Commissione Antimafia: Fava, da depistaggio Borsellino a caso Montante Istituzioni reticenti e colluse - QdS

Commissione Antimafia: Fava, da depistaggio Borsellino a caso Montante Istituzioni reticenti e colluse

Commissione Antimafia: Fava, da depistaggio Borsellino a caso Montante Istituzioni reticenti e colluse

mercoledì 19 Dicembre 2018 - 00:00
"Quello che emerge come dato trasversale da tutte le indagini portate avanti dalla commissione Antimafia regionale è che qui tanti sanno. C’è un concorso di
responsabilità sul piano delle colpe, delle omissioni, delle reticenze, delle collusioni, delle complicità molto trasversale sul piano istituzionale e politico".
E’ l’atto d’accusa di Claudio Fava, parlamentare dei Cento Passi all’Assemblea regionale siciliana e presidente della commissione Antimafia di Palazzo dei Normanni.
"La ricerca delle spalle del colpevole – ha detto Fava – sulle quali poggiare l’intero peso di una vicenda, dal depistaggio Borsellino al governo parallelo di Montante per arrivare alle irregolarità nella gestione di Girgenti Acque, rischia di mantenere al riparo tanti che avrebbero dovuto controllare, opporsi, segnalare e non l’hanno fatto".

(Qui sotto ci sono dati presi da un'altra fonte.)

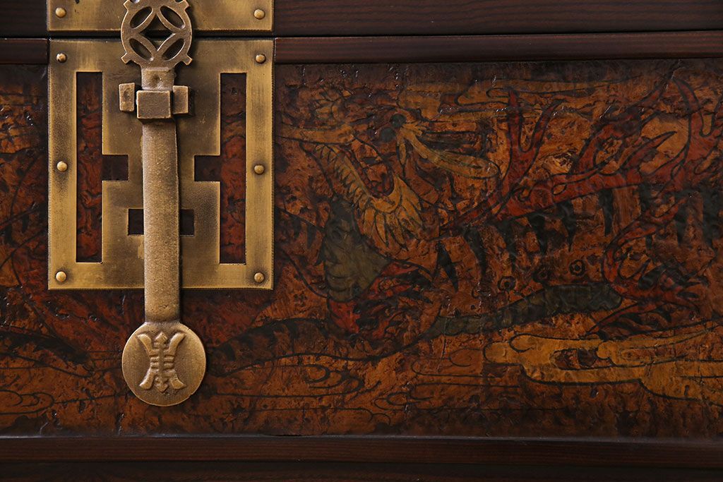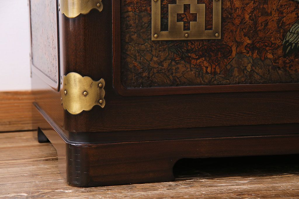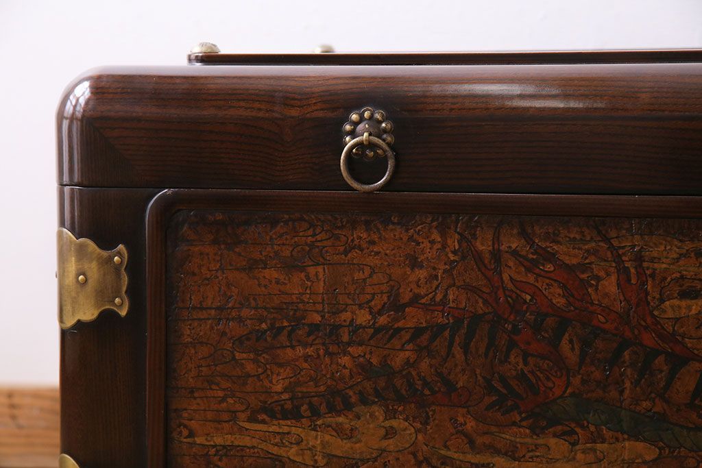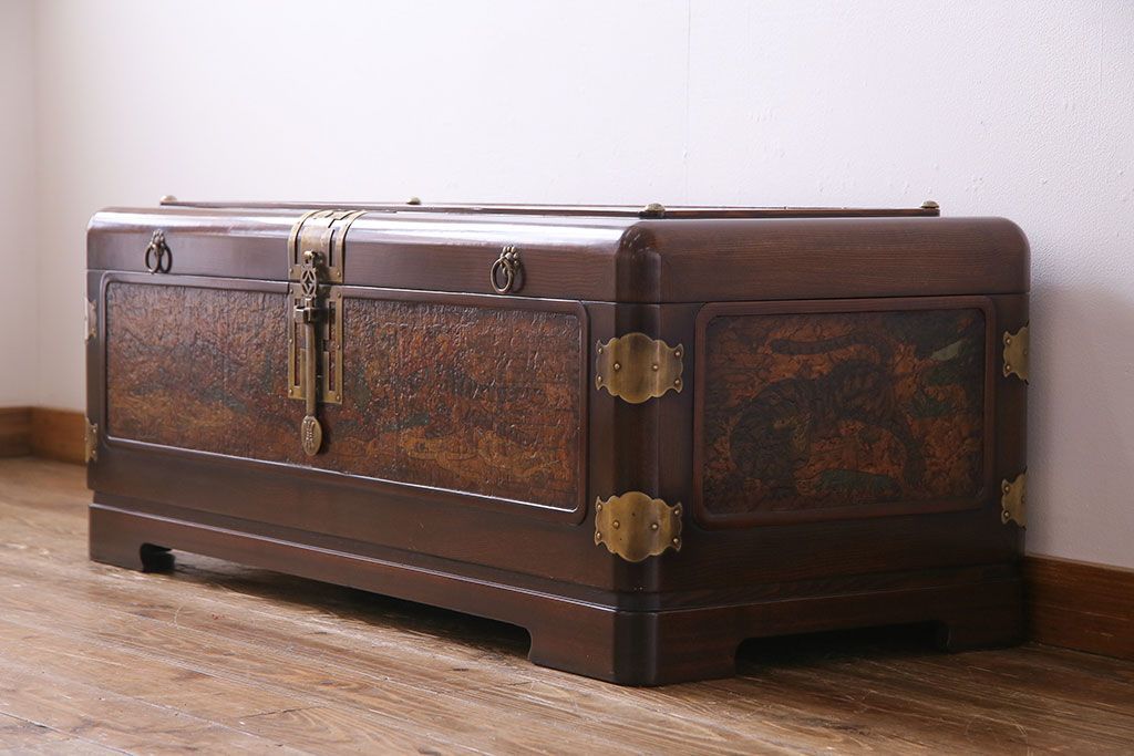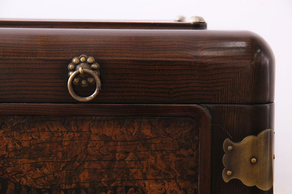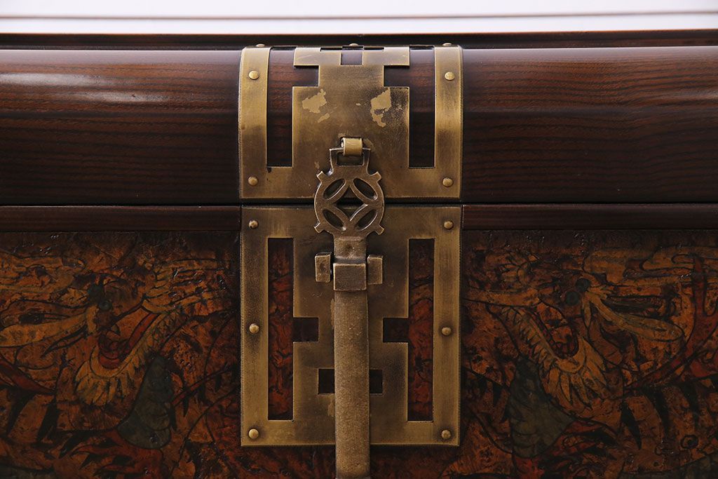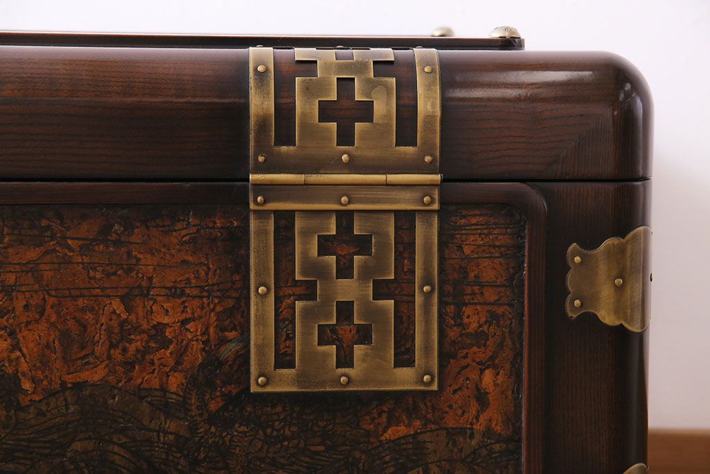 中古 海外製 ニレ材 重厚な佇まいが目を引くトランクケース(衣装箱、銭箱)(定価約20万円)
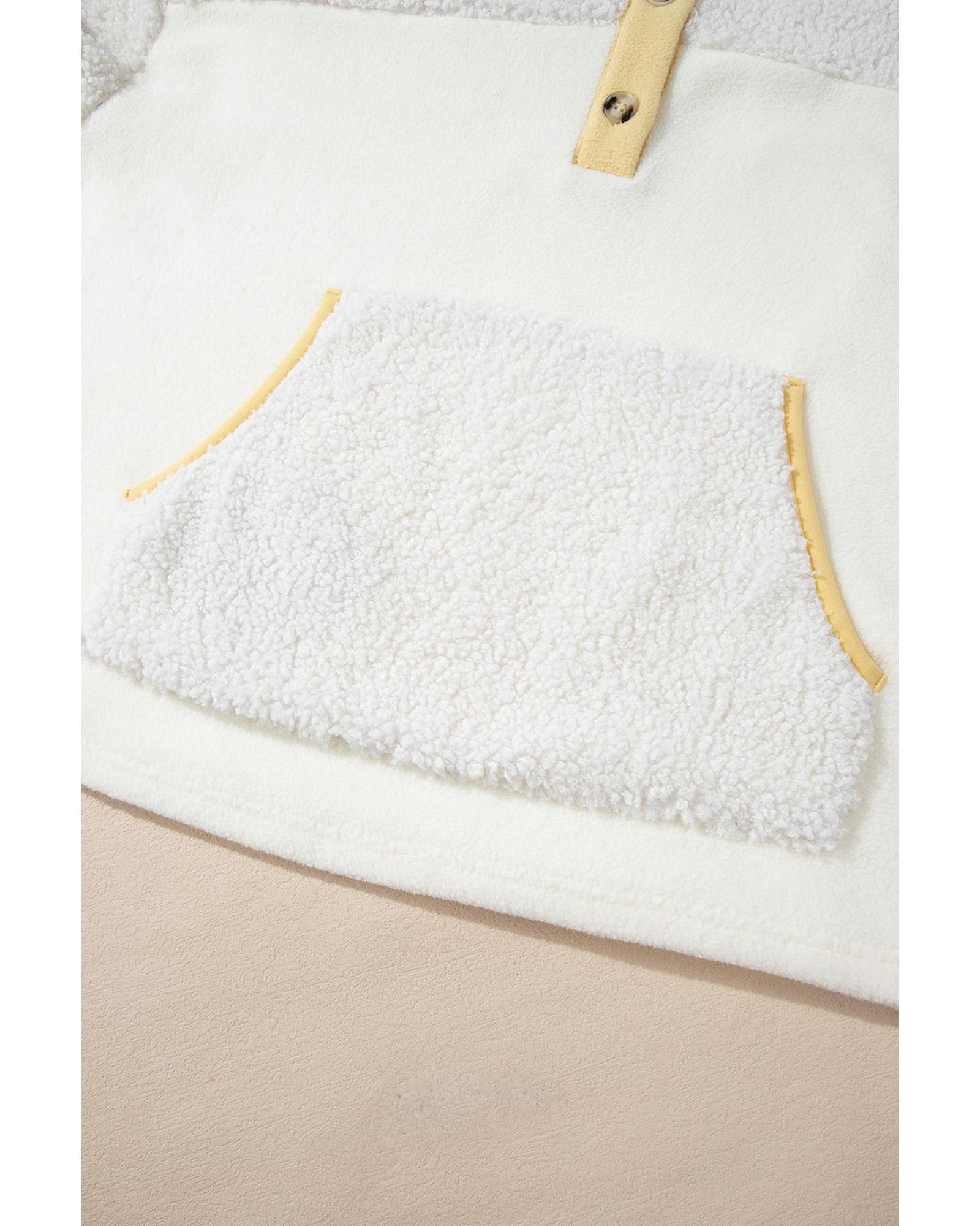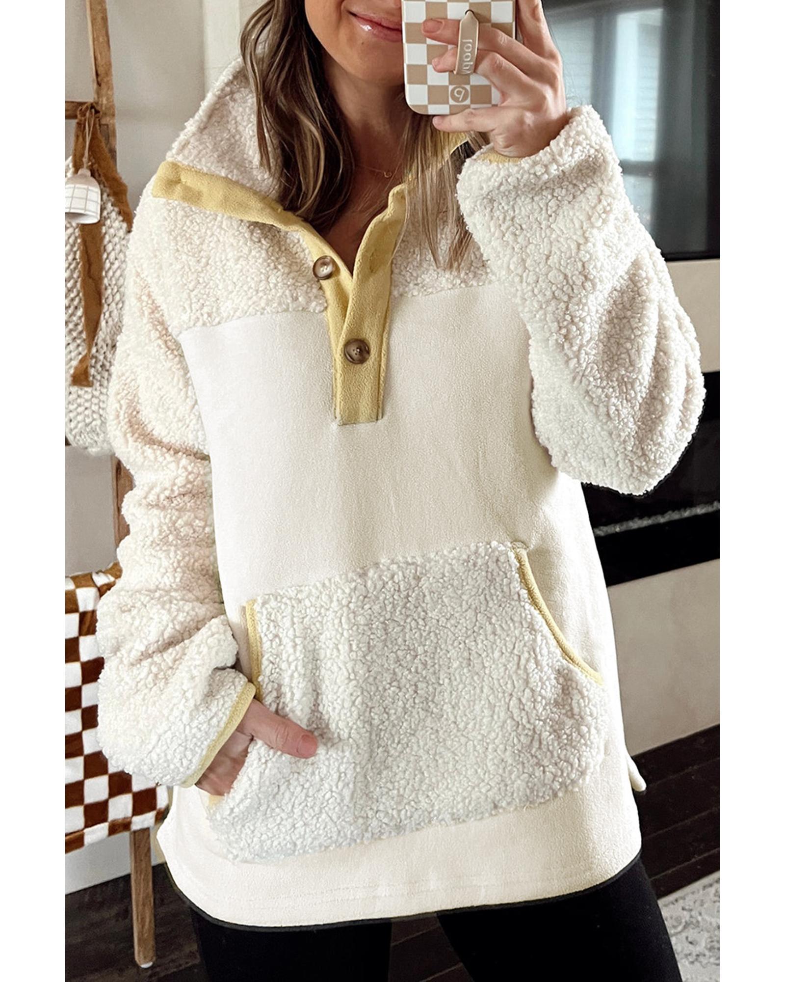Beige Fleece Colorblock Trim Buttons Collar Sweatshirt with Pocket – M

Per Fava "questa reticenza, inerzia, collusione" che resta tale "fino a quando non c’è il campanello d’allarme suonato dalla magistratura
con l’intervento della procura o con una sentenza" è il "male che affligge la Sicilia".

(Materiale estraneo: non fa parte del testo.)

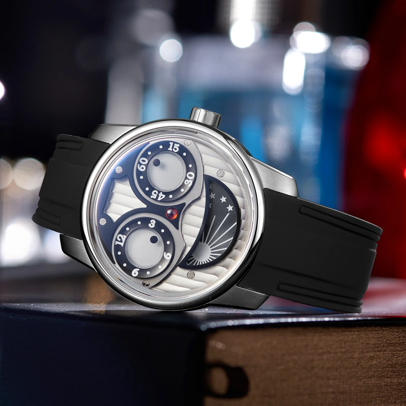 Dial Design: Silver Gradient, Unique Automatic Indices & Moon phases
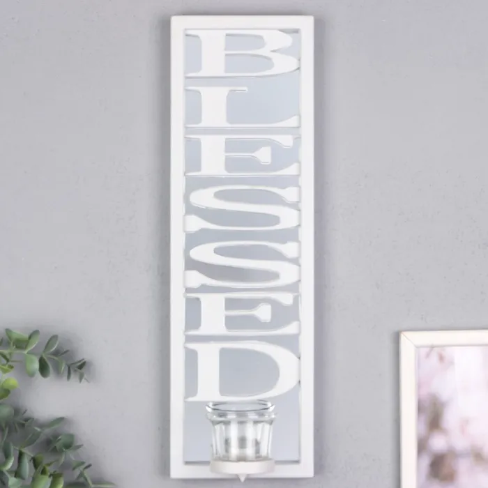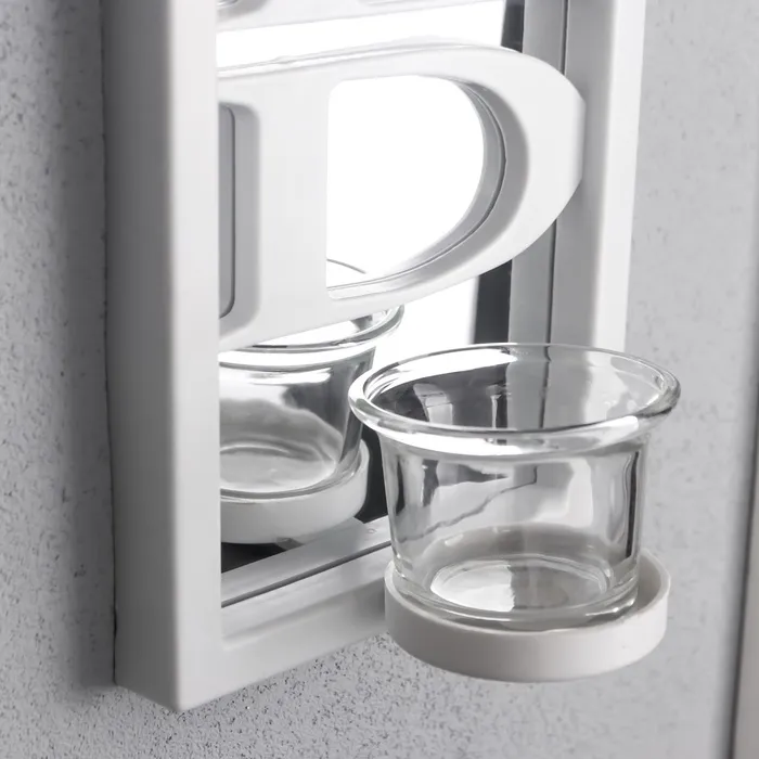 Подсвечник настенный на 1 свечу «Отражение благословения», зеркальный, пластик, стекло, d-4 см, белый, 8×12×41 см
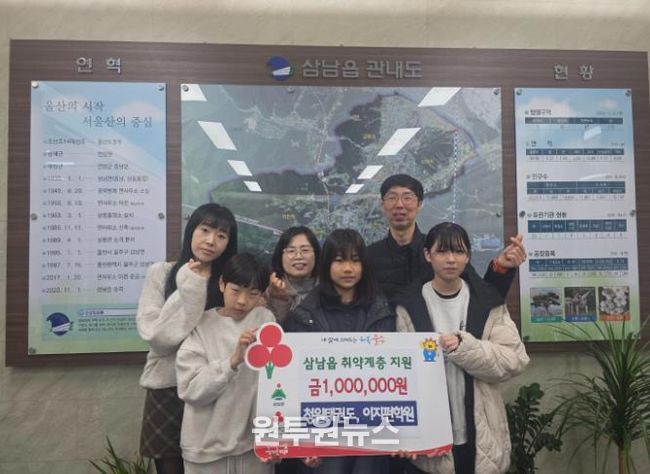 (원투원뉴스) 울주군 삼남읍에 소재한 청원태권도와 이지펀학원이 16일 삼남읍 행정복지센터에 지역 저소득층을 위한 성금 100만원을 기탁했다.

"Senza questo atteggiamento – ha detto – non avremmo avuto il sistema Montante, i diciotto anni di depistaggio sulla vicenda Borsellino, dieci anni di sprechi nella gestione delle acque nella provincia più assetata d’Italia".
Tra le inchieste aperte dalla commissione presieduta da Fava c’è proprio quella sul caso Montante.

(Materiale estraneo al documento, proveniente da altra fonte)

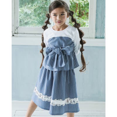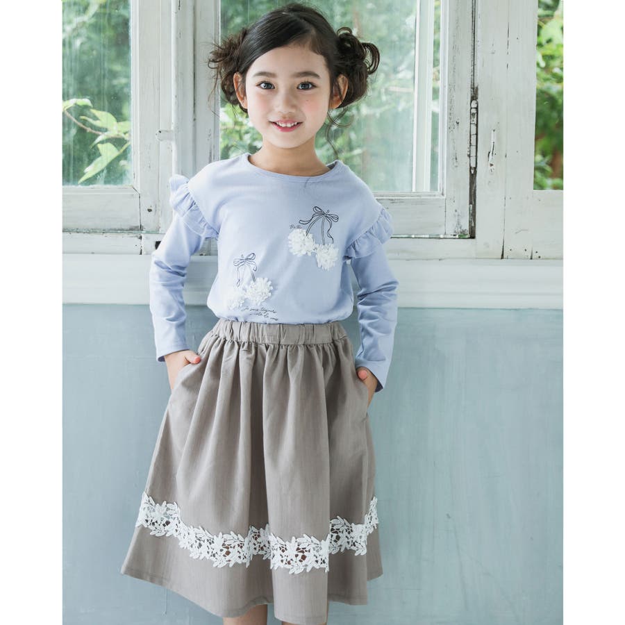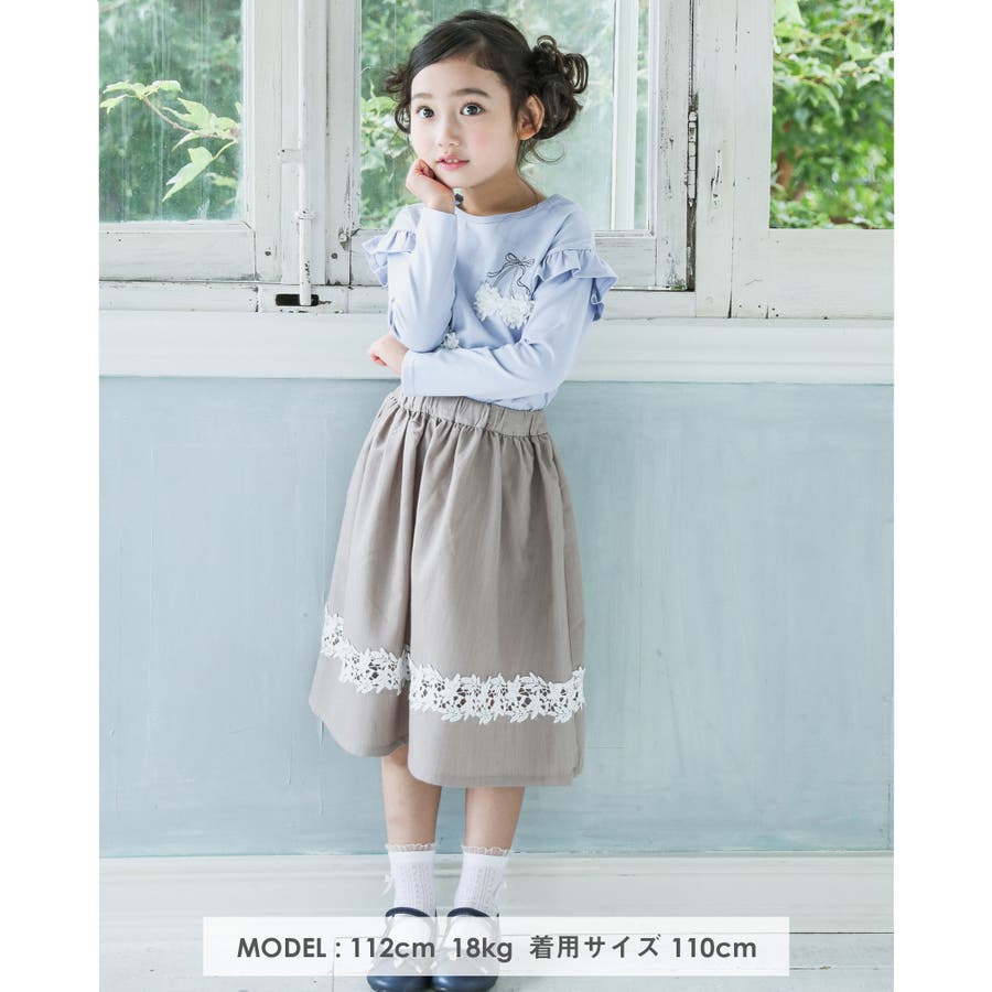 デニム 風 レース 切り替え ギャザー スカート(90~140cm)

"Dalle audizione – ha spiegato – emerge che la pratica era quella di tacere. Tutto quello che ci è stato raccontato era noto: le liste di proscrizione, i dirigenti cacciati via, quelli portati in palmo di mano, i senatori che governavano per interposta persona alla Regione nella studio accanto a quello di Crocetta. Tutti hanno taciuto".